Davies went to the British Library to research it, and it turned out that the convoy’s journey in 1919 was an epic. It took them sixty-two days to cross America - a distance of 3,250 miles, at a time when for two-thirds of the way there wasn’t any road. There was just this dream of a road, a majestic phantasm called the Lincoln Highway. It was the first transcontinental road, and it was as important in the development of the modern United States as the transcontinental railroad before it - but when Davies asked his American friends about it, virtually none of them had heard of it.

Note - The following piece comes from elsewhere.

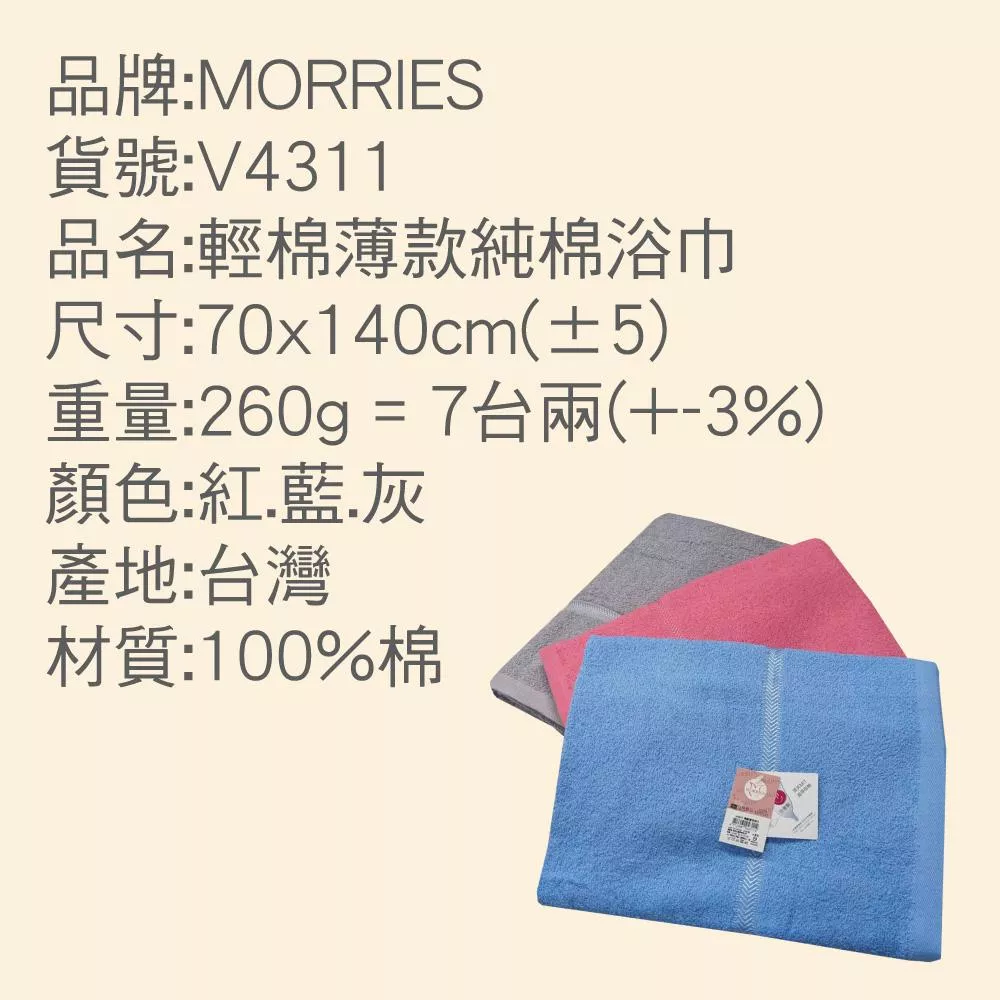 【MORRIES莫利仕】輕棉薄款純棉浴巾V4311台灣MIT優品

It seemed incredible that the story should be thus forgotten. After all, it explains how we’re all driving around in cars now; it tells how our lives came to be the way they are. Can you imagine a world without roads? Without gas stations, interstates, motels?
Davies spent four weeks of February and March 2001 mining libraries in Kansas and Michigan. In April, he flew to Washington and bought a pea green 1985 Chevy Caprice for $2,000. He had the telegrams that two officers had sent back to HQ from the convoy every day. He knew every place they stopped, every incident, every accident - so he set out to recreate their journey, stopping every place they stopped, stopping every place they went through, and finding the local paper for that time.

He filled a suitcase with paper - photocopied news reports, articles from historical journals, bits and pieces of ancient guidebooks, all the life and times of America along the Lincoln Highway in 1919. It took him sixty-one days to get across the country - one day less than the convoy had taken eighty-two years before - and Davies describes it without hesitation as the finest journey of his life.

The resulting book, American Road, was published by Henry Holt in New York in June 2002. It was, said Roger Miller in the Chicago Sun-Times, “Simply a crackerjack book, a dandy slice of Americana.”

And that, for now, is where Pete Davies’ story ends. As always with a writer - with this one, anyhow - the next chapter isn’t clear until it’s happened.